Minimum wage workers. PBS screenshot.
State lawmakers are considering a proposal that calls for eliminating restrictions on the number of hours 16- and 17-year-olds could work — ostensibly to let more teens get employed if families agree. But there are critics against it.
Dr. Chelsea Rivera, of Central Florida Jobs with Justice, said she had concerns about the proposed legislation because of safety and welfare.
“There’s been a lot of attention right now on protecting the education of our students and the sanctity of our education. But if students are working longer hours, that’s an immediate danger to their education,” Rivera told the Phoenix after a legislative meeting in the Tampa Bay area on Thursday.
“I’m also really concerned about our immigrant and BIPOC (Black, Indigenous and People of Color) children who are already at increased risk of injuries in the workforce,” Rivera said.
The proposed legislation, HB 49, is sponsored by Republican House member Linda Chaney, who represents parts of Hillsborough and Pinellas in the Legislature. It would be considered in the 2024 legislative session that begins Jan. 9, 2024.
The proposed bill would amend current labor law in the state that says that 16- and 17-year-old are not allowed to work before 6:30 a.m. or after 11 p.m., or for more than eight hours a day when they have school the next day.
The bill would also lift restrictions that currently prohibit teens from working more than 30 hours a week.
The issue came up during a meeting of the Pinellas County legislative delegation on Thursday, and Chaney heard directly from a handful of citizens who believe that the proposed bill would exploit children, particularly from low-income families.
“Chair Chaney, why are you sponsoring a bill that allows for the exploitation of children? Are these the values that best represent Pinellas County?” asked Christy Foust. “This bill will primarily endanger migrant children and those from low-income families.”
Chaney did not respond directly to any of the comments from the public about her proposal during the legislative meeting.
Prior to the meeting, Chaney told the Phoenix that the purpose of the legislation is to give 16 and 17-year-olds and their families “the choice to work if that fits within their lifestyle and their financial needs.”
“I’ve always been a champion for small businesses, and it’s no secret that all businesses are struggling with labor,” Chaney said. “So it came out of the environment of a need for labor.”
There has been a labor shortage in the country coming out of the pandemic. A report from the U.S. Chamber of Commerce, published earlier this month, said while there are 9.6 million job openings in the U.S. currently, there are only 6.4 million unemployed workers.
Acadia Jacob, advocacy director with Florida Voices for Health, said that she believed that the proposal was a “litmus test” that other states may enact in the coming year.

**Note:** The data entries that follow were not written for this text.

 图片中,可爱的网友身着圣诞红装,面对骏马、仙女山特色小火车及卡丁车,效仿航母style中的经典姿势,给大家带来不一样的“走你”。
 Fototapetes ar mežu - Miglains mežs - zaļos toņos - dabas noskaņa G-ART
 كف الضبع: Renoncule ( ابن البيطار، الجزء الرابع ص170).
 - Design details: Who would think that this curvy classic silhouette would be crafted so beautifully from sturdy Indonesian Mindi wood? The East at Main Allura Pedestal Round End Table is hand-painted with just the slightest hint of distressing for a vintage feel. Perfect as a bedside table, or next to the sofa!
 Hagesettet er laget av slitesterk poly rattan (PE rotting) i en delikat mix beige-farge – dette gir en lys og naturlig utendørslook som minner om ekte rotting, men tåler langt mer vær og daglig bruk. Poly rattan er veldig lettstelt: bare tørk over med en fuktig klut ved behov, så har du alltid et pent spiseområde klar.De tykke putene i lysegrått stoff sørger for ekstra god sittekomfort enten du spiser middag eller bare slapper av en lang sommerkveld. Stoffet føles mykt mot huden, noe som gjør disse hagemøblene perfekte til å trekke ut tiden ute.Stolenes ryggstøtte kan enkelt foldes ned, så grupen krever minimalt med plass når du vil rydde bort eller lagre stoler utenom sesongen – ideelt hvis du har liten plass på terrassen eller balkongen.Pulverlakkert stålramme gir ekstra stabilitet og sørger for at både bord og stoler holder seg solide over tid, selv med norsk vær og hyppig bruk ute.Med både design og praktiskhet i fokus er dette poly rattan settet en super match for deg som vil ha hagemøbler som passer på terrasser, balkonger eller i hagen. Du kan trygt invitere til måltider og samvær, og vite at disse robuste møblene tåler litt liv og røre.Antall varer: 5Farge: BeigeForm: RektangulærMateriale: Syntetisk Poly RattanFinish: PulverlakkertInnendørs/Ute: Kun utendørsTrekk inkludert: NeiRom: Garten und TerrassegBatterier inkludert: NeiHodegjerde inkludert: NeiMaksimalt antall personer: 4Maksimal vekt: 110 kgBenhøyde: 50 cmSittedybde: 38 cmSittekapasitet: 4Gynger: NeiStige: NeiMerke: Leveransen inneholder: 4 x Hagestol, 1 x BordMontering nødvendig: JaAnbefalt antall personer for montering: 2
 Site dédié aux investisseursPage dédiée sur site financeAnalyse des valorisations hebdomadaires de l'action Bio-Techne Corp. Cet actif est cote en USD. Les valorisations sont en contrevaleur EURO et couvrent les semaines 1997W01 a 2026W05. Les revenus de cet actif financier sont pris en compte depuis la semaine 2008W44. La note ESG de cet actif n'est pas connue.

In fact, Florida is the 13th state this year to introduce legislation that would roll back labor laws intended to protect minors, according to the Economic Policy Institute, a nonprofit think tank in Washington, D.C.

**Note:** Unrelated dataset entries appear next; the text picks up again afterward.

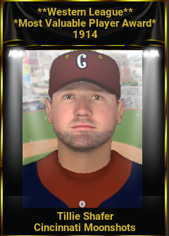 The Cincinnati Moonshots have been the surprise of the league thus far, jumping out to an 8 game lead in the Western League. They have 5 of the 8 top batting averages in the West including Tillie Shafter, Frank Baker, Dode Paskert, Wally Schang and Jimmy Walsh.
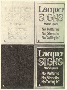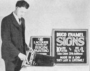 I have just described the simplest way of making the simplest lacquer sign. But any design, no matter how complicated, can be reproduced in lacquer. The rapidity with which the material dries makes it possible to use many colors on one sign where that is desired. Lacquers are much more uniform and dependable than they were a few years back and the new sign lacquers automatically overcome most of the troubles that we originally experienced. Just as in oil painting, the best materials are none too good. Use the best sign lacquer and the best spray gun you can get and you will have very little trouble. Perhaps we have make a mistake in the past by placing too much stress on the mistakes and troubles to be avoided, thus making the lacquer system seem complicated. So, to avoid a repetition, I shall simply say that lacquer is easy to apply. It is more beautiful, and more durable than any painted sign and less time is required to produce it. Any sign man will find that he can learn to use this new material successfully in a small fraction of the time it took to learn card writing or sign painting. And you will be justly proud of your lacquer signs. No cutting-in, no brush marks and no waiting for the sign to dry - what more could you ask? Try it out. Home | News | Exhibits | Events | Links | Talk | FAQ | Contact Us |
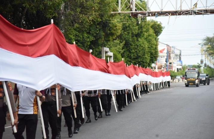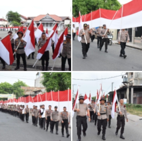 infoindonesiainews.com | BIREUEN – Semangat Perjuangan, Polres Bireuen dan Jajaran Kirab Bendera Merah Putih sepanjang 100 M
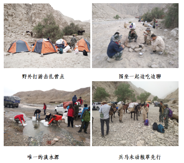 由于工區面積較大,采樣難度因地形所限超乎預期,許多地方不能當天返回駐地,我們只能采用“打游擊”(騾子馱帳篷,走哪住哪)的方式進行。于是茫茫阿爾金山便是我們的床,浪漫星空便是我們的被,與阿爾金山野驢為伴,別說還真有點野性。然而吃飯卻是最大的問題,自帶的淡水僅能維持兩日,后面的日子就只能用燒開的咸水煮方便面、下掛面,或者索性用馕充饑。為了能按時完成任務,項目人員餐風沐雨,齊心協力,從不叫苦。
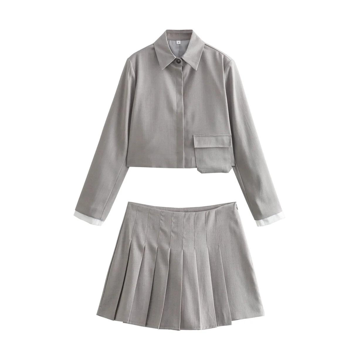 Comercio exterior transfronterizo de Amazon, ropa de mujer europea y americana, verano 2024, nuevo bolso de parche, abrigo corto, falda ancha plisada, traje
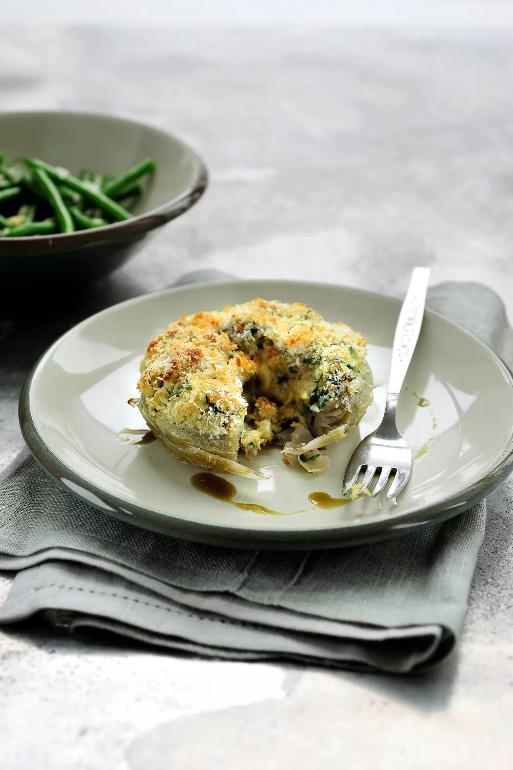 Gevulde artisjokbodems met roquefort en pompoenpitten
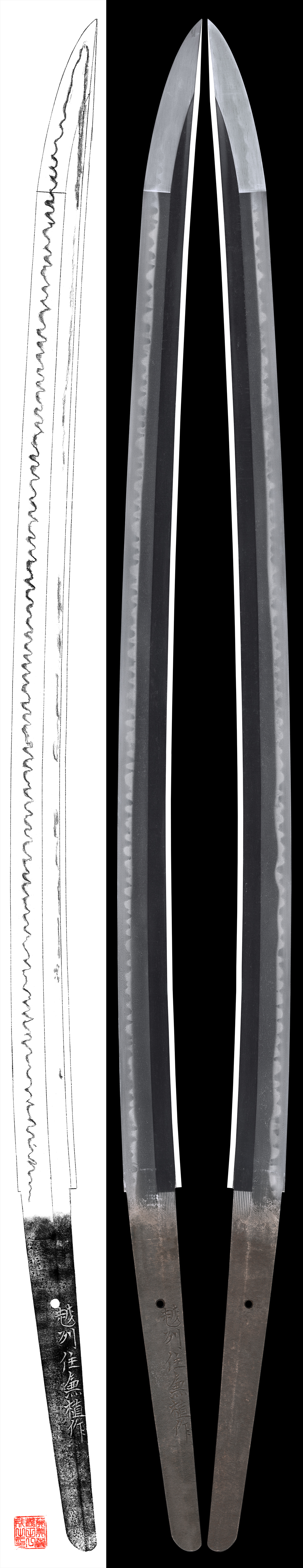 Hamon : Nie Deki, Togari-Ha. Boshi is also Togari gokoro, Jizo Fu Yakisage style.

The organization says that the bill “proposes rolling back long-standing state standards adopted more than a century ago in response to widespread exploitation of children” and contends it will “harm Florida’s poorest youth and their families.”
The U.S. Department of Labor reported earlier this year that they had seen a 69 percent increase in children being employed illegally by companies.

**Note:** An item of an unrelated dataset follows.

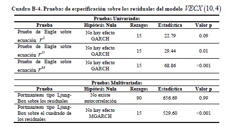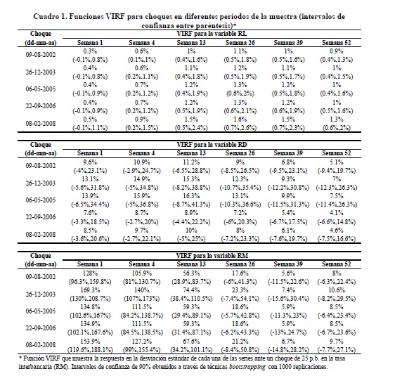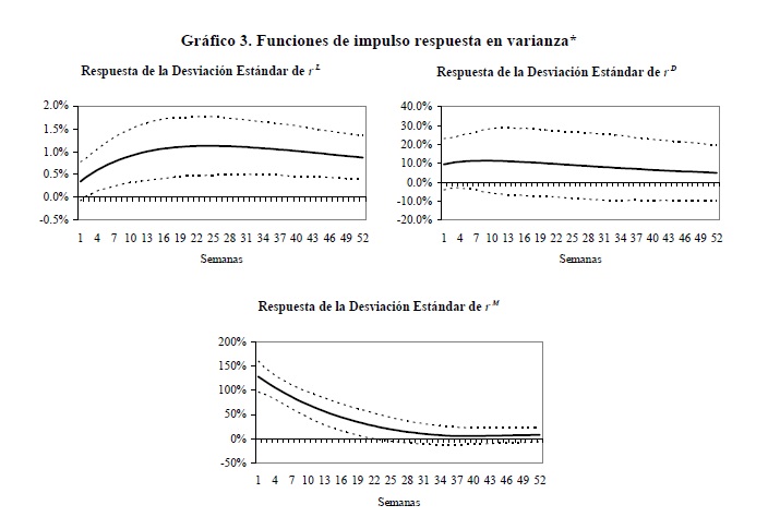 Este documento busca describir la dinámica de la transmisión de las medidas de política monetaria implementadas por el Banco de la República hacia las demás tasas de interés, con el fin de identificar la efectividad y el rezago que tienen las medidas de política monetaria. A partir de un modelo teórico donde se plantean las principales relaciones entre las tasas de interés a las cuales captan y ofrecen recursos los bancos comerciales, sumadas con algunas consideraciones relacionadas con el esquema de metas de inflación, se plantea un modelo VECX-MGARCH, el cual no sólo permite analizar las interacciones entre los niveles de las tasas de interés, sino que, además, modela las relaciones entre las volatilidades de las variables endógenas del modelo. En general, los resultados sugieren que la dinámica que exhibe el esquema de transmisión de política monetaria a través de las tasas de interés opera de acuerdo a lo esperado según el esquema de metas de inflación. En efecto, el modelo VECX-MGARCH respalda las implicaciones del modelo teórico y, adicionalmente, los análisis derivados de las funciones de impulso respuesta (en media y varianza) sugieren que el efecto de un choque monetario sobre las tasas de interés siguen de cerca los objetivos planteados por el banco central, tanto en signo como en magnitud.

But Rep. Chaney said her bill would not weaken current labor laws.
“All of the laws about child law protections in the workforce are not touched in this bill. They’re still in place. They cannot work in harmful environments,” she says.
The bill also carves out an exemption for pages in the Florida Legislature, who currently must be the ages of 15 to 18 to participate in the page program.
The proposed legislation would have to be approved in both chambers — the Florida House and Senate — and Gov. Ron DeSantis would have to sign off. If governor does sign off, the law would be effective July 1, 2024.